I can't speak to why the Economist reporter chose to present the information exactly as he did, but I hope that the above clarifies, for better or for worse, my own view on the issue.

John

-----Original Message----- From: Max Sawicky [SMTP:sawicky at epinet.org] Sent: Friday, June 18, 1999 1:57 PM To: jschmitt at epinet.org Subject: FW: "Why Willy Loman lives"


>From Doug Henwood's mailing list.
Care to respond lest your position be mangled unrecognizably? I will forward it back to the list.

max

-----Original Message----- From: owner-lbo-talk at lists.panix.com [mailto:owner-lbo-talk at lists.panix.com] On Behalf Of Doug Henwood Sent: Friday, June 18, 1999 11:06 AM To: lbo-talk at lists.panix.com Subject: Re: "Why Willy Loman lives"

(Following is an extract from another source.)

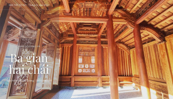 Ngôi nhà gỗ 3 gian 2 chái được thiết kế với mục đích thể hiện tinh thần hướng về cội nguồn, sự tôn trọng và thờ cúng ông bà tổ tiên.Theo ngôn ngữ truyền thống: nhà 3 gian 2 chái là kiểu nhà 3 gian 4 mái với 2 mái phụ 2 đầu hồi gọi là 2 chái nhà. Mỗi chái nhà gồm có một hàng cột quân (có thể thêm một hàng cột hiên), các hàng cột này xoay quanh vuông góc với hàng cột trong các gian chính.

Carl Remick quoted The Economist:


>> John Schmitt at the Economic Policy Institute points out that if you
exclude women (whose careers have become slightly more secure), many of the standard insecurity measures are still worsening. >>

** Not to nitpick or anything, but why should you exclude women? This is a very odd way of saying that women have been doing better in the labor market and men have been doing worse, which, in job security/tenure measures averages out to a rather flattish picture. I guess men are still the norm in this writer's eyes. Did Schmitt put it this way, or is it The Economist's spin?